Eu não imagino como seria crescer sem pai, mas teu post me fez pensar que às vezes a gente não se dá conta da sorte que tem. Às vezes vou me arrastando pela vida, sem me dar conta das pessoas ao meu lado.
Fiquei pensando também que talvez isso tenha te servido para, indo muito além da dor da ausência, ter consciência da sorte da presença (da tua mãe, ou de quem quer que seja).
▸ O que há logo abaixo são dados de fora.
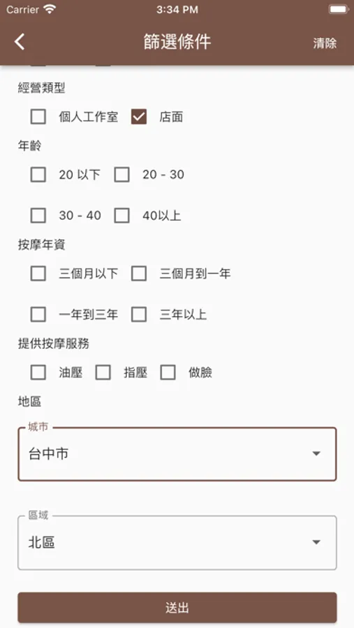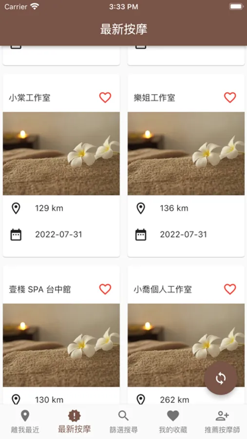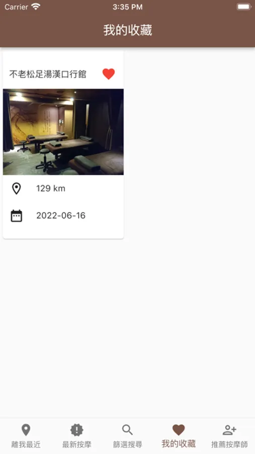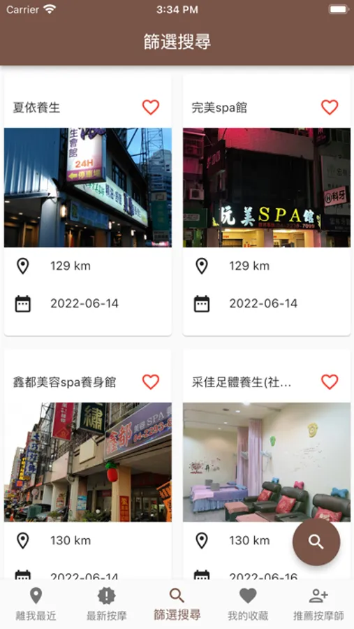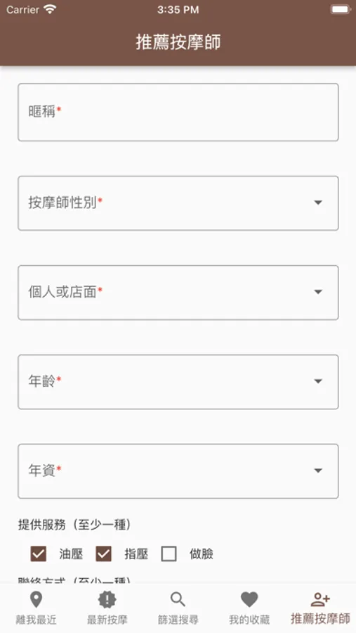 主要功能:離我最近、聯絡按摩館(師)、最新按摩、篩選搜尋、我的收藏、推薦按摩師。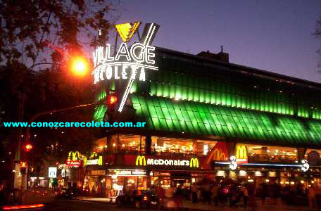 Complejo Village Recoleta: Vista nocturna del mismo, situado en Vicente López entre Junín y Uriburu. Allí hay varios restaurantes y salas de cine.

E você parece ser uma pessoa linda, não tem como não ser uma boa mãe. :)

beijo
 
Tu sempre me emociona...
Sou fã, já disse outras vezes.
Beijão!!!
 
que lindo Van... tb não tenho dúvida que serás uma boa mãe e seus filhos terão um bom pai... adorei o que vc me disse sobre ser escolhida. obrigada por vc fazer parte da minha vida e eu poder te ter assim por perto.
 
Ai, ai, só suspiros. Lembrar dá uma coisa boa na gente. Você será uma linda mãe quando resolver ser. Ele será um lindo pai também. [ai, ai]
 
Afe, acho que não sou esse pai tão assim assim, não. Sou marinheiro de primeira viagem, lembram? Sei não, talvez minha vantagem seja gostar de pensar no que preciso fazer, tirar conclusões e depois não ter medo, ainda de descobrir que esteve errado. Deve ser isso. Mas isso não é vantagem de pai, ou de mãe. É de ser humano mesmo. Aprender a ser pai e mãe é aprender a ser gente, acho que é preciso sentir-se responsável, é preciso ter cuidado com a vida. O resto é mistério... beleza, não?
 
Ô, Van. Mas tu só juntou as palavras mais lindas nesse texto. Tu me emociona e me faz rir fácil fácil, sua danada.